The woman who filed the lawsuit citing sexual harassment also claimed that she was a victim of constructive dismissal – that the environment at work was so intolerable that she just couldn’t take it any more and so handed in her notice. The Industrial Tribunal ruled in her favour on both counts and awarded her Lm2,000 by way of compensation.
Some people expressed their surprise at the quantum of the award. Perhaps that’s because sexual harassment suits are a relatively new concept in Malta where sexually-related jokes are considered to be harmless banter and where the boss copping a feel is just one of the minor down-sides of the job on the same level as having to make the tea. In other countries where employers are expected to behave with a measure of decorum and sexual harassment legislation has been around for longer, the awards granted to victims of harassment are considerably higher.
In one particular case which bears a great similarity to the one mentioned above, an employment tribunal held that a chef at an exclusive members’ club in London had sexually harassed a waitress. The chef was said to have walked around the kitchen dressed only in his underpants, and was said to have repeatedly subjected the waitress to crude questions about her sex life. The waitress was awarded GBP124,000 in compensation. One of the important factors taken into account in this case was the bullying and humiliating atmosphere which was evident in the kitchen. Such an atmosphere can, of itself, amount to harassment.

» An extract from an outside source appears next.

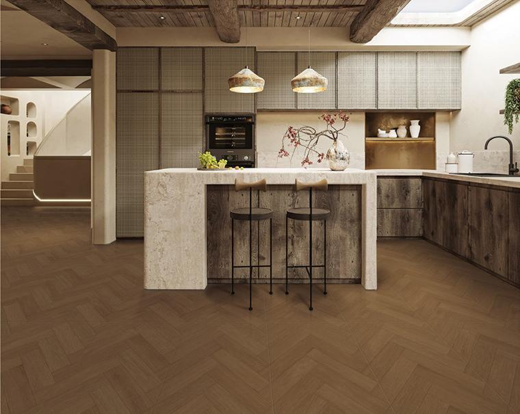 The herringbone pattern, combined with a matte finish, replicates the texture of natural wood, creating an inviting and sophisticated atmosphere. Crafted from durable ceramic, it offers the aesthetic charm of wood while being easy to clean and maintain.

In this case, as in the Maltese one, the employer was penalized for not protecting employees from unwelcome behaviour and allowing the creation an intimidating, hostile, degrading, humiliating or offensive environment. Although the facts of the two cases were very similar, the amount of compensation awarded differs considerably and the local “boss in mutande” might now be considering himself lucky to have gotten off with a couple of thousand Liri for his panty jape. Indeed he fared very well in comparison. He fared even better than the Italian man who made a habit of employing irregular immigrants and then coercing them to perform oral sex. This went one for some time, until one female employee decided that she had had enough and clamped down on him – literally. The bullying boss was rushed to hospital in agony cradling his bleeding member in his hands. This was a case of a bullied underling taking the law in her own hands – and though it is to be condemned, as all violent acts should – I can’t help feeling that her actions were much more effective than any law could ever be when it comes to penalizing men who can’t keep their lunchbox in their pants and a civil tongue in their heads.